** Opening Data extract block **
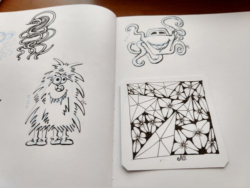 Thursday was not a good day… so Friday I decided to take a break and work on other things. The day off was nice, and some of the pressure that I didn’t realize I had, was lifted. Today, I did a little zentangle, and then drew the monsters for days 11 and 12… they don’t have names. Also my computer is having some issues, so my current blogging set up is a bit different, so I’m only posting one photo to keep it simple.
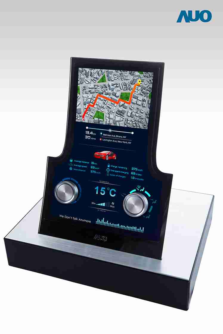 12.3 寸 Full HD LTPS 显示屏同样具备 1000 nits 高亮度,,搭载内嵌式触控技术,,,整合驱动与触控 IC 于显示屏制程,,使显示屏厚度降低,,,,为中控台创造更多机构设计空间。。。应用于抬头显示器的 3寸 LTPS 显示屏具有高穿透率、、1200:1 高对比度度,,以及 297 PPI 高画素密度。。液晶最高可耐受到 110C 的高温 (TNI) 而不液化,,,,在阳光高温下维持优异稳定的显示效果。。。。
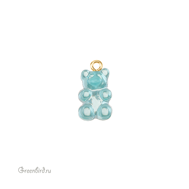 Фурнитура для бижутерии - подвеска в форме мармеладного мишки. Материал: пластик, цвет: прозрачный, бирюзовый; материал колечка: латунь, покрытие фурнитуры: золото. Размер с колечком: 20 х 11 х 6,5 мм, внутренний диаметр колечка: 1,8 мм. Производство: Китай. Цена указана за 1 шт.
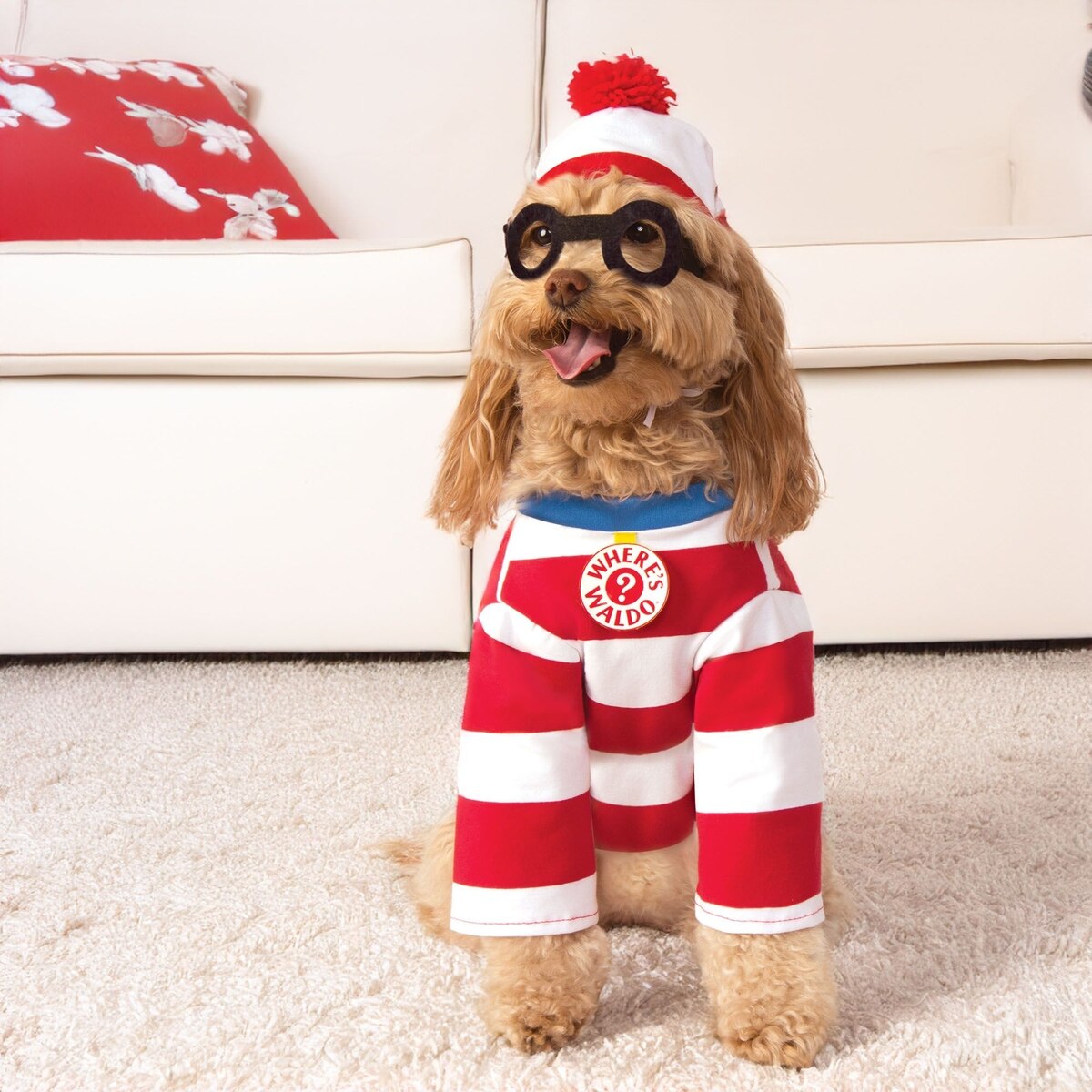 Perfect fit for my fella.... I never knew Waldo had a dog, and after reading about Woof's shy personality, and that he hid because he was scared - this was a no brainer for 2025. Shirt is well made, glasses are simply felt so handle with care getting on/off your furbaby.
** Closing Data extract block **
Assignment:
Output the data above exactly, beginning at its first line and ending with the line that holds "12.3 寸 Full". Leave out the pictures and add nothing.

Solution for this task:
 Thursday was not a good day… so Friday I decided to take a break and work on other things. The day off was nice, and some of the pressure that I didn’t realize I had, was lifted. Today, I did a little zentangle, and then drew the monsters for days 11 and 12… they don’t have names. Also my computer is having some issues, so my current blogging set up is a bit different, so I’m only posting one photo to keep it simple.
 12.3 寸 Full HD LTPS 显示屏同样具备 1000 nits 高亮度,,搭载内嵌式触控技术,,,整合驱动与触控 IC 于显示屏制程,,使显示屏厚度降低,,,,为中控台创造更多机构设计空间。。。应用于抬头显示器的 3寸 LTPS 显示屏具有高穿透率、、1200:1 高对比度度,,以及 297 PPI 高画素密度。。液晶最高可耐受到 110C 的高温 (TNI) 而不液化,,,,在阳光高温下维持优异稳定的显示效果。。。。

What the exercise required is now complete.